Much has been written about the bold conspiracy, as a result of which Beria Lavrenty Pavlovich was arrested and soon executed (or killed). His photo was just as quickly erased from all textbooks, like the images of previous exposed enemies of the people. The projects proposed by him for economic and political reforms, in particular, the limited introduction of private property and were further implemented during Gorbachev's perestroika.

I think you will be interested in reading this opinion about this historical figure. Someone is aware of this information, someone will not accept it in any case, and someone will learn something new for themselves.

Lavrenty Pavlovich Beria is one of the most famous and at the same time the most unknown statesmen Russia. Myths, lies and slander against him almost exceed the amount of slop poured into the name of Stalin. It is all the more important for us to understand who Beria really was.

On June 26, 1953, three tank regiments stationed near Moscow received an order from the Minister of Defense to load up with ammunition and enter the capital. I received the same order motorized rifle division. Two air divisions and a formation of jet bombers were ordered to wait in full combat readiness for orders for a possible bombing of the Kremlin. Subsequently, a version of all these preparations was announced: the Minister of Internal Affairs Beria was preparing a coup d'etat, which had to be prevented, Beria himself was arrested, tried and shot. For 50 years this version was not questioned by anyone. Ordinary, but not very a common person knows only two things about Lavrentiy Beria: he was an executioner and a sexual maniac. Everything else has been removed from history. So it’s even strange: why did Stalin tolerate this useless and gloomy figure near him? Afraid, or what? Mystery. I wasn’t afraid at all! And there is no mystery. Moreover, without understanding the true role of this man it is impossible to understand the Stalinist era. Because in fact, everything was completely different from what the people who seized power in the USSR and privatized all the victories and achievements of their predecessors later came up with.

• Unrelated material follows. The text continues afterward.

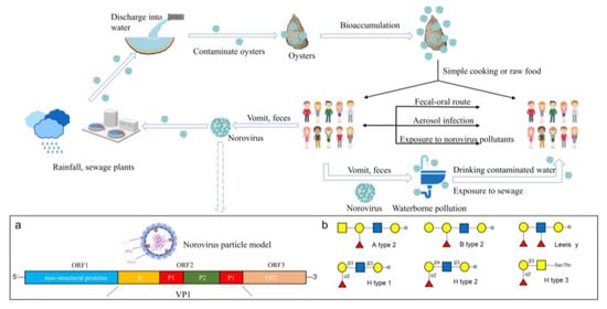 Schematic diagram of NoVs propagation. After humans are infected with NoVs, they are carried in feces and vomit, which are discharged via precipitation and sewage treatment plants into the waters where oysters thrive. NoVs enter oysters and bioaccumulate, and the risk of transmitting NoVs to humans after simple processing or direct raw food consumption remains. In addition, NoVs can also contaminate drinking water sources and form a human-to-human transmission. (a) NoV particle model and genome structure of NoV. (b) Structural diagram of HBGAs. Yellow circle: galactose (Gal); red triangle: fucose (Fuc); blue square: N-acetylglucosamine (GlcNAc); yellow square: glucose (Glc).

St. Petersburg journalist Elena Prudnikova, author of sensational historical investigations, participant in the historical and journalistic project “Riddles of History,” talks about a completely different Lavrentiy Beria on the pages of our newspaper. “Economic miracle” in Transcaucasia Many people have heard about the “Japanese economic miracle”. But who knows about Georgian? In the fall of 1931, the young security officer Lavrentiy Beria, a very remarkable personality, became the first secretary of the Communist Party of Georgia. At 20 he led illegal network in Menshevik Georgia. In 23, when the republic came under the control of the Bolsheviks, he fought against banditry and achieved impressive results - by the beginning of this year there were 31 gangs in Georgia, by the end of the year there were only 10 of them left. In 25, Beria was awarded the Order of the Red Banner of Battle. By 1929, he became both the chairman of the GPU of Transcaucasia and the plenipotentiary representative of the OGPU in the region. But, oddly enough, Beria stubbornly tried to part with the KGB service, dreaming of finally completing his education and becoming a builder. In 1930, he even wrote a desperate letter to Ordzhonikidze. “Dear Sergo! I know you will say that now is not the time to bring up the issue of studying. But what to do? I feel like I can’t do it anymore.” In Moscow, the request was fulfilled exactly the opposite. So, in the fall of 1931, Beria became the first secretary of the Communist Party of Georgia. A year later he became the first secretary of the Transcaucasian regional committee, in fact the owner of the region. And we really, really don’t like to talk about how he worked in this position. Beria still got the same district.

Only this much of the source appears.